Employees at the monarch’s former residence reportedly received notices during a church service for the Queen
As memorial events were being held for Queen Elizabeth II, dozens of King Charles’ staff received notice they could be about to lose their jobs, the Guardian reported on Tuesday.
According to the newspaper, private secretaries, the finance office, the communications team, and household staff – up to 100 employees in total – found out that their jobs were at risk on Monday, during a thanksgiving service for the Queen at St Giles’ Cathedral in Edinburgh.

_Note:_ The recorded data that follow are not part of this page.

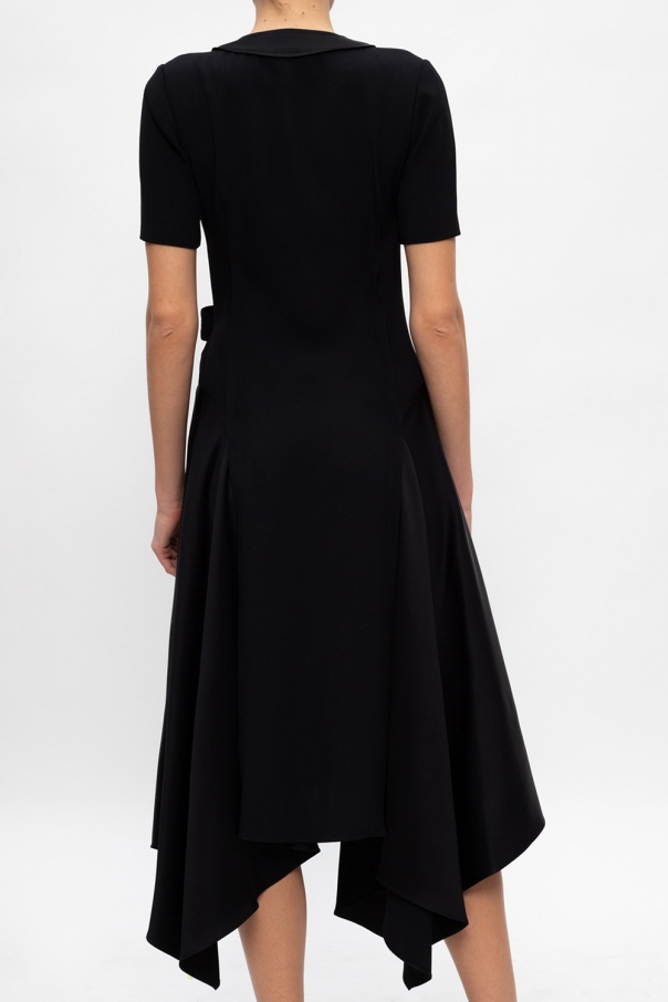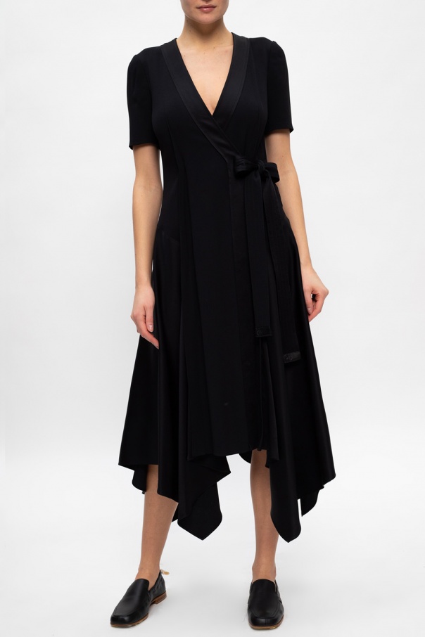Black dress from Loewe. Falling down to a flared skirt, this short-sleeved style features an asymmetric hem, gathered details and a wrapped waist.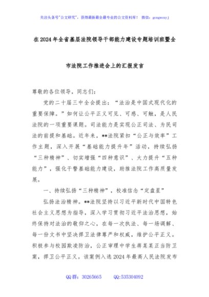 / 在2024年全省基层法院领导干部能力建设专题培训班暨全市法院工作推进会上的汇报发言
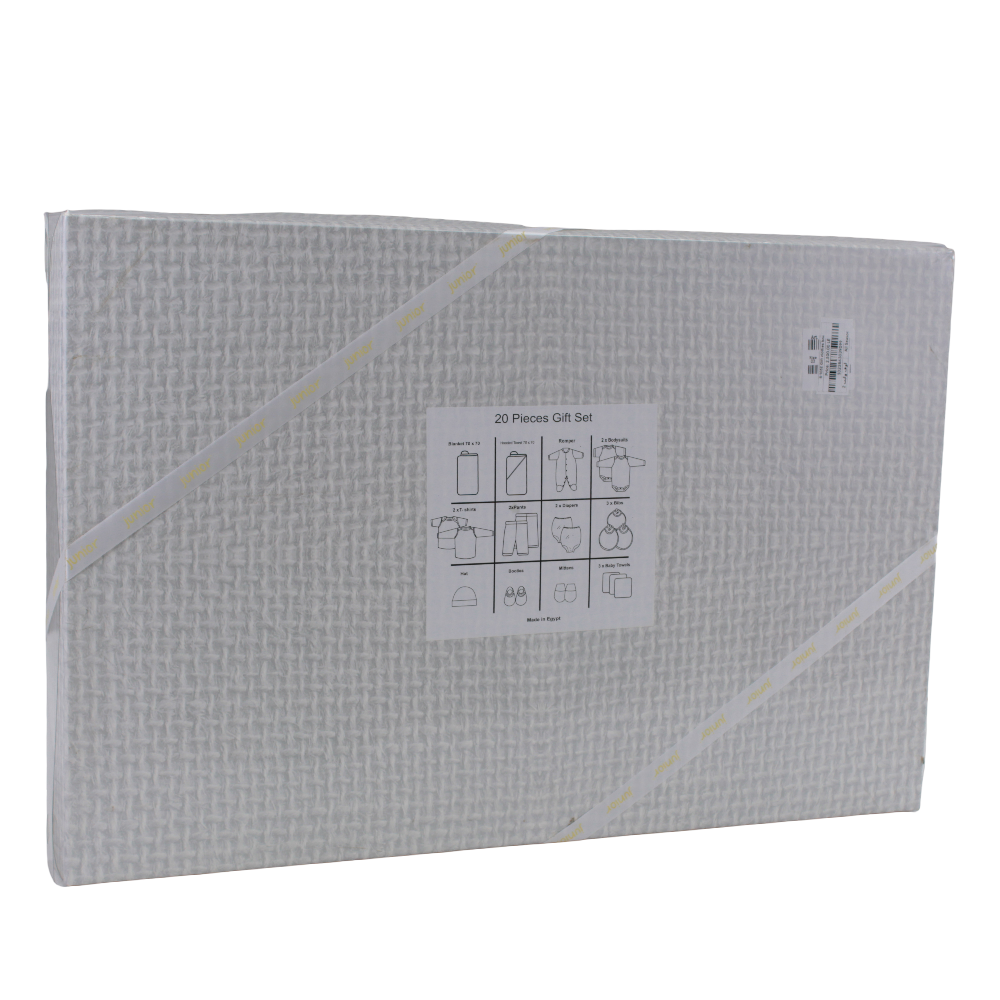 • Complete 20-piece essentials set — includes bodysuits, bibs, beanie, mittens, footies, and more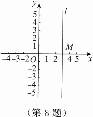 8. 如图,在平面直角坐标系中,直线 $l$ 过点 $M(3,0)$,且平行于 $y$ 轴。如果 $\triangle ABC$ 的三个顶点分别是 $A(-2,0)$,$B(-1,0)$,$C(-1,2)$,$\triangle ABC$ 关于 $y$ 轴对称的图形是 $\triangle A_1B_1C_1$,$\triangle A_1B_1C_1$ 关于直线 $l$ 对称的图形是 $\triangle A_2B_2C_2$,求 $\triangle A_2B_2C_2$ 三个顶点的坐标。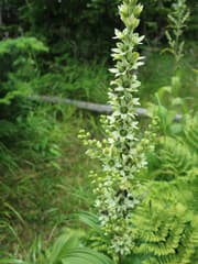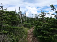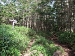 二人連れハイカーさんには先に行って貰い、5分程休憩してからリスタート。樹高の低い針葉樹に覆われた平坦な頂上稜線を進む。バイケイソウが多く、いくつか咲き始めた株の花には、小さなカミキリムシが蜜を吸いにたくさん来ている。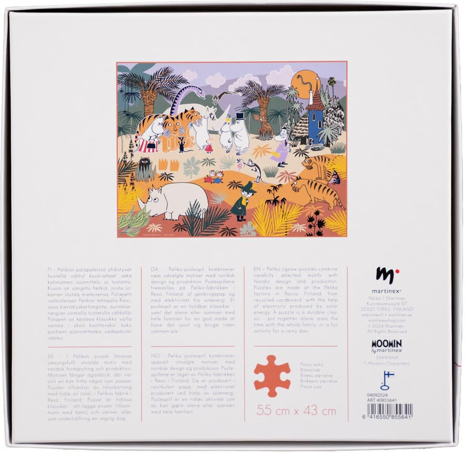 In the colourful and detailed picture in the Savannah Puzzle, the people of Moomin Valley encounter animals such as tigers, rhinos and snakes in the dense jungle that has grown up around the Moomin House. The 750-piece puzzle measures 55 x 43 cm, providing plenty of challenge and fun for puzzle lovers and Moomin fans alike. The puzzle is made in Finland from recycled cardboard.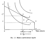 Графически функция полезности может быть представлена семейством кривых безразличия (I1, I2, I3 на рис. 1.1) в пространстве блага-досуг.
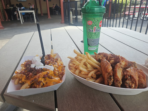 Read moreSo I'm going to do a full review on this based on the fact that we did get multiple things from this location when we visited six flags over Georgia the food was actually relatively good that Mysterio was really nice and a nice area of the park right there kind of in the middle now service all over the building they have plastered that you can save time by ordering online do not fall for that whatsoever I spent more time waiting for my online order then the people who were standing in the long line to get food overall it was good food and side note never listen to the website on what time they close it said last night they were supposed to close at 8:00 I went there about 6:45 and the doors were locked all three of the cashiers that I had the privilege to talk to we're all very glum and spoke very quietly and allowed place where you can't really hear them if you do do the pre-order on the phone make sure you have a couple rides that you want to ride before...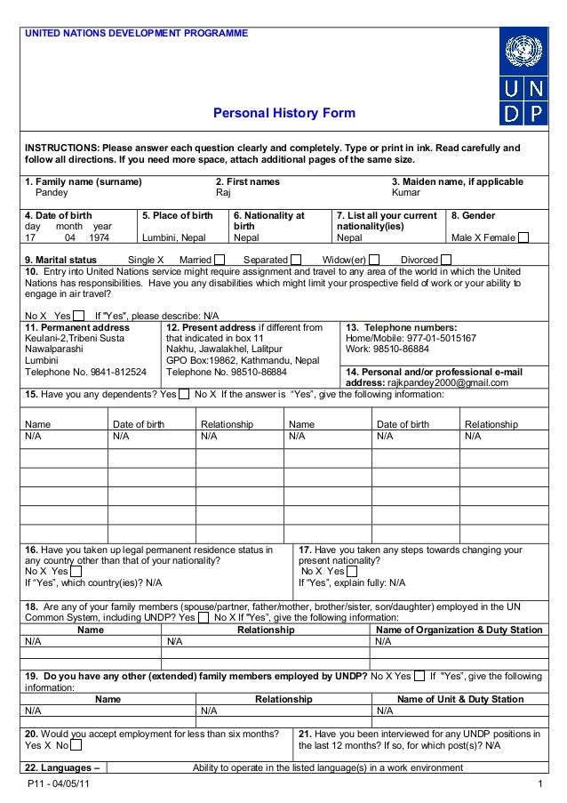 P11 Form Undp Raj K Pandey As Of 14 For Un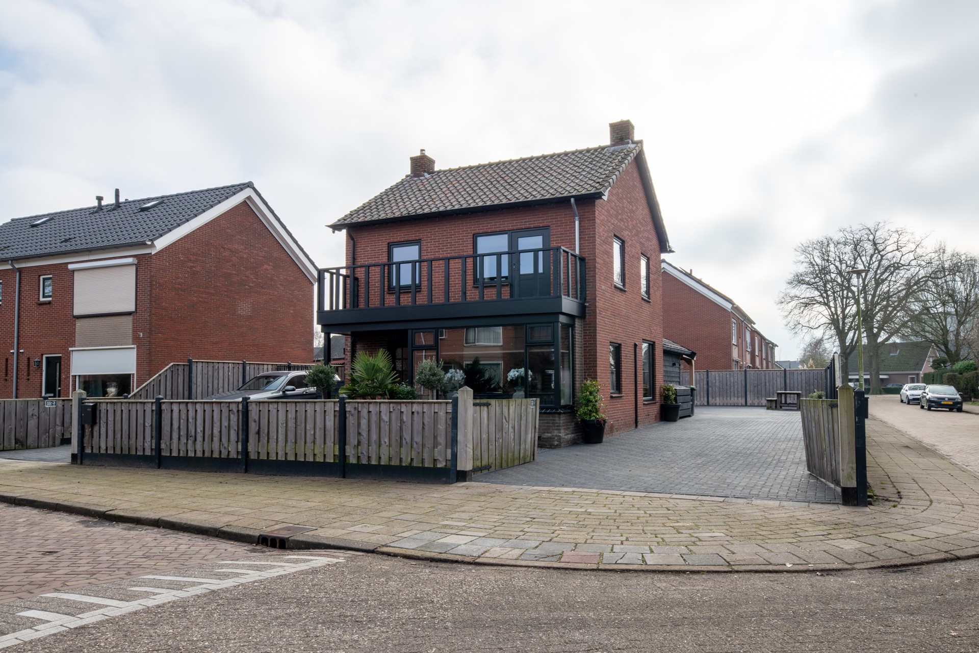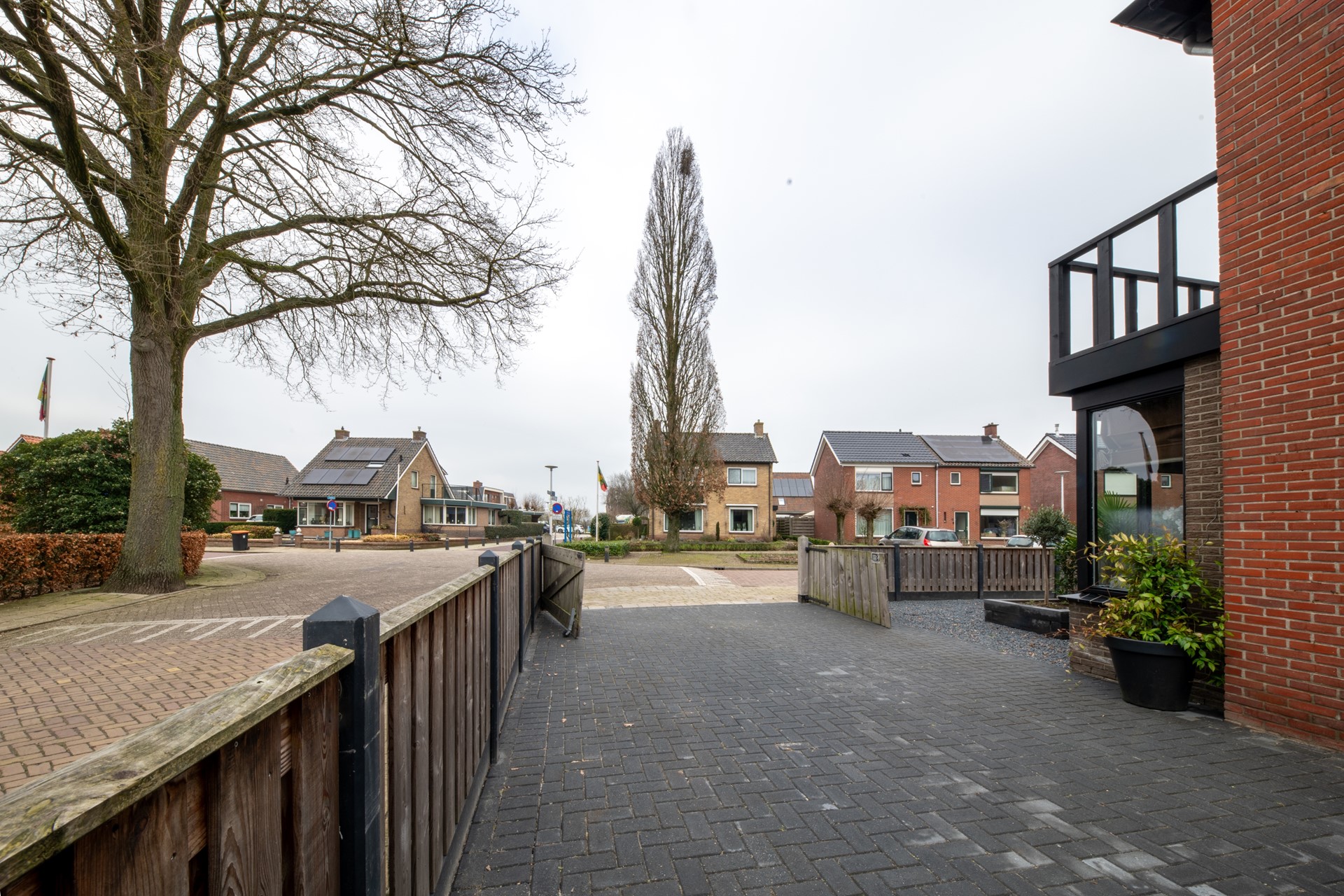De rondom gelegen tuin is onderhoudsvriendelijk aangelegd en grotendeels verhard, wat zorgt voor een verzorgde uitstraling en optimaal gebruiksgemak. Aan beide zijden van de woning bevindt zich een oprit: de linkerzijde biedt toegang tot de entree van de woning, terwijl de rechterzijde doorgang geeft naar de achtertuin.

“Everybody is absolutely livid, including private secretaries and the senior team. All the staff have been working late every night since Thursday, to be met with this. People were visibly shaken by it,” one source said.
The monarch’s private secretary, Sir Clive Alderton, broke the “unsettling news” about upcoming redundancies in a letter to the staff, seen by the newspaper. He explained that as the new monarch prepares to move his office from his former official residence, Clarence House, to Buckingham Palace, the work of those employees who used to support the former prince of Wales’ personal interests, former activities and household operations “will no longer be needed.”
He made it clear that certain members of staff providing “direct, close, personal support and advice” to Charles III and his wife Camilla, would keep their jobs.
Charles III becomes new British monarch
A Clarence House spokesman, as quoted by The Guardian, said that while some redundancies “will be unavoidable,” the royal household is urgently working “to identify alternative roles for the greatest number of staff.”
As Charles III is getting used to his duties, details are emerging concerning his character. His aides, quoted by Reuters, describe him as a fun person with a “wicked sense of humour” but also short-tempered and demanding.
On Tuesday, when signing a visitor’s book in Northern Ireland he lost his patience due to a leaking pen saying “I can’t bear this bloody thing… every stinking time.”
Prior to that, during an Accession Council on Saturday Charles III looked irritated by an ink well while signing documents, and aсtively gesticulated until an aide took it away.